Under Article 274 of the Labor Code, the Voluntary Arbitrator, or Panel of Voluntary
Arbitrators in labor disputes shall have original and exclusive jurisdiction to hear and decide all
unresolved grievances arising from the interpretation or implementation of the Collective
Bargaining Agreement and those arising from the interpretation or enforcement of company
personnel policies referred to in the immediately preceding article. Accordingly, violations of a
Collective Bargaining Agreement, except those which are gross in character, shall no longer be
treated as unfair labor practice and shall be resolved as grievances under the Collective
Bargaining Agreement.

22.

No, Mandarin cannot recover the backwages and other benefits paid to Juanito. It is an
established rule that the decisions of the Labor Arbiter insofar as the reinstatement aspect is
concerned, is immediately executory pending appeal, it was held that the order of the Labor
Arbiter is self-executory; hence, it is the obligation of Mandarin to immediately admit Juanito
back to work or reinstate him in the payroll. In this case, the reinstatement salaries due to Juanito
were, by their nature, payment of unworked backwages. It was due to juanito because he was
prevented from working despite the finding of the Labor Arbiter that he had been illegally
dismissed.
23.

(a) Under Section 8 of Rep. Act No. 1161, Dependents are any unmarried legitimate or
legitimated child of the covered employee who is under eighteen years of age, and any such child
over eighteen years of age, and the legitimate spouse and parents of said employee who are
unable to work and who are wholly dependent upon regular support from him. In this case, the
legal dependents of Gene under the Social Security Law are the legitimate, legitimated or legally
adopted child who is unmarried, not gainfully employed and not over twenty-one years of age, or
over twenty-one years of age provided that he is congenitally incapacitated and incapable of self-
support, physically or mentally; the legitimate spouse dependent for support upon the employee;
and the legitimate parents wholly dependent upon the covered employee for regular support.
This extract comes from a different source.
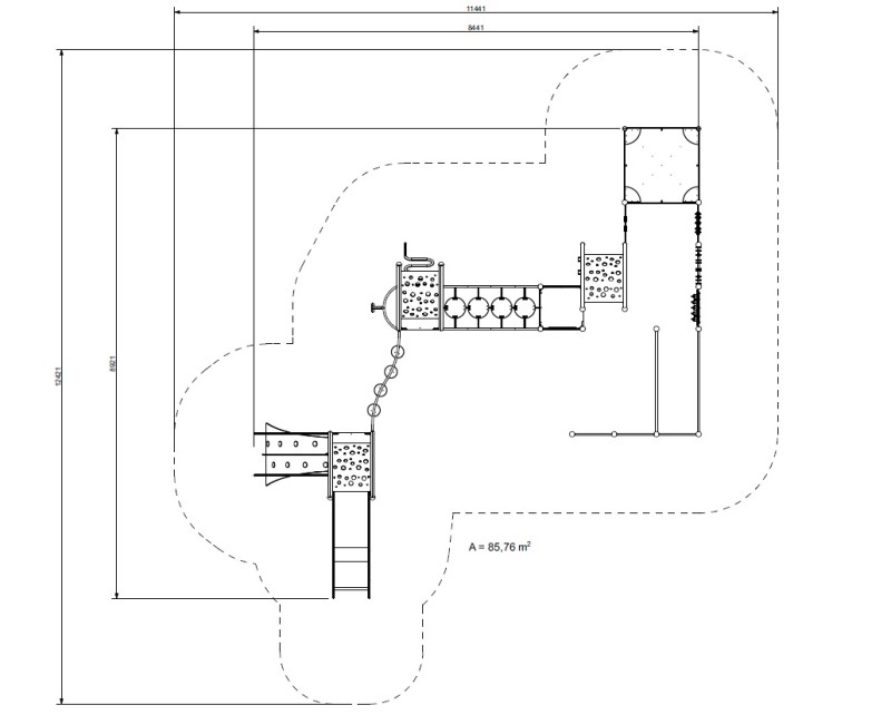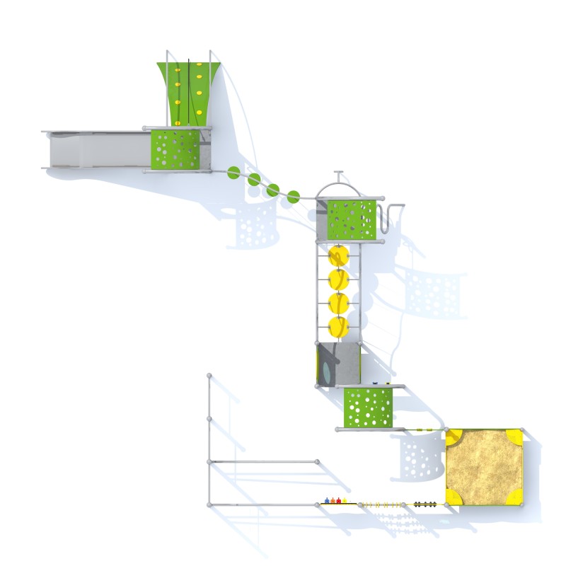 Et integrert sett i livlige farger bestående av tre tårn, hvorav ett har en sklie, en inngangsrampe med tau, to broer, en pioner, inngangsstiger, et sansebrett med to fargerike trommer som produserer maraca-lyder, et sansebrett med fem rørformede klokkespill som produserer lyd, et sansebrett med et roterende hjul som produserer regnlyder, et sansebrett med glidende elementer, en kuleramme og en sandkasse. Settet har en designestetikk inspirert av formen på en snegle.

(b) Yes, Gene is entitled to the funeral aid for the death of his widowed mother. There is a
stipulation in the CBA which entitles funeral or bereavement aid of P15,000.00 in case of the
death of a legal dependent of a regular employee. In this case, she is a legitimate parent wholly
dependent upon him for regular support for many years. It is a settled rule that the coverage of
the term “legal dependent” in a stipulation in a CBA granting funeral or bereavement benefits to
a regular employee for the death of a legal dependent, if the CBA is silent about it, is to be
construed as similar to the meaning that contemporaneous social legislation have set. This is
because the terms of such social legislation are deemed incorporated in or adopted by the CBA.

25.

No, the serious disease Rosa contracted during her trip to Africa is not compensable.
Under the law, it is required that the sickness and the resulting injury must have arisen out of or
in the course of employment. In the present case, Rosa contracted the disease while on vacation
leave. Moreover, for sickness and the resulting disability to be compensable, the sickness must
be the result of an occupational disease listed under the Amended Rules on Employees’
Compensation with the condition set therein satisfied; otherwise, proof must be shown that the
risk of contracting the disease is increased by the working condition. Hence, the disease
contracted by her in Africa during her vacation leave is not compensable.